Kentucky's regional universities and quasi-governmental agencies were set to get temporary relief from skyrocketing pension costs under House Bill 358 after the House and Senate passed the bill on the final day of the session.
However, earlier this month, Governor Matt Bevin vetoed the bill saying parts "violate both the moral and legal obligation to retirees." Bevin said he intends to call lawmakers back to the state Capitol before July 1 to pass another version.
Many local lawmakers were disappointed in the governor's decision as it leaves agencies, such as the Madison County Health Department and Eastern Kentucky University, in limbo as they work to create budgets for the coming fiscal year.
"I think everyone was confused," said State Rep. Les Yates, R-Winchester. "There's many representatives and people who spent a lot of effort and time to come up with a solution. You knew you weren't going to have a good solution, but (the bill was) something to slow the bleeding.
"The Senate, the House, Governor's Office were all in agreement and that's why it passed at the 11th hour. To hear he vetoed it, it was shock."
State Sen. Jared Carpenter, R-Berea, said it is out of the legislators hands now on how to fix the issue. He said legislators will continue to organize agendas for the upcoming interim months.
"With the possibility of a special session and the veto already in place, the ball is the governor's court on how he plans to fix this issue," he told The Register.
State Rep. R. Travis Brenda, R-Cartersville, said the House and Senate included the pieces that the governor said he expected to see. Brenda said the Senate version of HB358 that Bevin wanted was guaranteed to break the inviolable contract with those employees, and then be challenged in court. He added the message House members were given was any measure to simply freeze the employer contribution rate at 49 percent until the budget session in 2020 would not be signed by the governor.
Brenda noted the Senate version the House did not agree to accept would have forced the quasi-governmental agencies -- health departments, rape crisis centers, mental health facilities -- out of the retirement system breaking the inviolable contract, or make them increase the employer contribution to around 84 percent.

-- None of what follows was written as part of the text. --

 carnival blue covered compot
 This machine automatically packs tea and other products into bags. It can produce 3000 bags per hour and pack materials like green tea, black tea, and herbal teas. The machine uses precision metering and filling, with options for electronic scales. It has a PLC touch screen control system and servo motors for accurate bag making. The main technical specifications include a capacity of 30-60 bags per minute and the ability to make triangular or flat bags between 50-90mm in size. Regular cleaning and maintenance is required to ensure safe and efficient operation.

"This increase in contribution rate would have bankrupted 42 health departments across the state in the next year, and an additional 20 or more the following year," he told The Register. "The governor and his staff need to work with House and Senate Leadership to come up with a plan that can pass the House and Senate before the governor calls a special session."

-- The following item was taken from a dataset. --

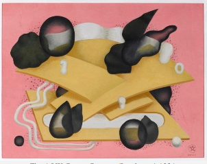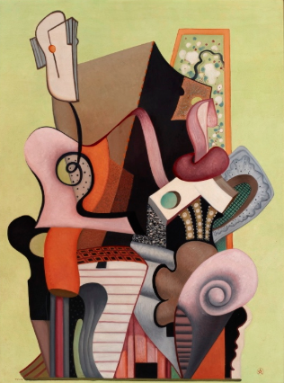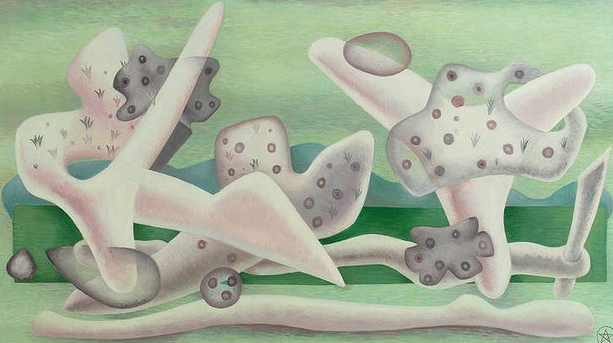 Another consistent feature of these paintings is Power’s love of illusory three-dimensional space, which may reflect the influence of Fernand Léger, of Surrealism, and of Karl Blossfeldt’s popular book, Original Forms of Art (1929), which led many artists to experiment with biomorphic imagery. One can imagine almost any of Power’s paintings remade as a freestanding sculpture.

State Rep. Deanna Frazier, R-Richmond, said the House met with many of the quasi-government agencies and representatives of employees impacted by the proposal. She said the bill was a solid first step in providing relief to the agencies facing "crippling increases" in the pension plan employer contribution rate come July 1.
"Our goal was to provide stability for employers while maintaining the commitment to current and retired employees," Frazier said. "I would like to see the Governor work with us to craft a solution that ensures the balance between employers and employees. Most importantly, it is critical that an agreement is reached before calling a special session so a solution is in place."
For regional universities and quasi-government agencies, HB358 would have helped them control costs by freezing the KERS employer contribution rates one more year. Now, the rate is set to increase to 84 percent on July 1.
At the current 49 percent employer contribution rate, the KERS requires a $13.2 million contribution from Eastern Kentucky University. With the increase on July 1, that contribution soars to $22.8 million.
"Given our current budget constraints and funding forecast, this amount is unsustainable," said David McFaddin, senior VP for operations and strategic initiatives for EKU. "We are hopeful that the anticipated special legislative session will be called soon and find a workable solution before the start of the 2020 fiscal year on July 1, 2019. We will continue to work with the legislature in order to get a solution that allows us to continue our mission of being a school of opportunity and providing the education and life experiences that have helped so many students reach their potential."
While there was part of HB358 he didn't like, Brenda said there are many in his district and Madison County that rely on EKU to receive the education they need to become contributing, tax-paying members of society. He added there also are many employed by EKU.
"HB358 was not a perfect bill," Brenda said. "However, I received input from representatives of EKU that said without this measure to allow the universities to pay off their unfunded liability, and not increase their employer contribution for the retirement benefits, there would continue to be increases in tuition for students, and additional rounds of layoffs for university employees."
In 2003, EKU paid a little more than $1.3 million to KERS, or 1 percent of the university's entire operating budget. In 2018, the contribution was 5 percent of the operating budget.
For the Madison County Health Department, the pension contribution increase would equal more than $1.3 million and about 12 percent of its annual budget.
Madison County Public Health Director Nancy Crewe said she and Chief Financial Officer David Reed have kept the Madison County Board of Health apprised of all pension-related developments and their ramifications for the health department.
"Once we know the final outcome of any legislation passed in a special session, we will share an impact analysis with the Board," Crewe said.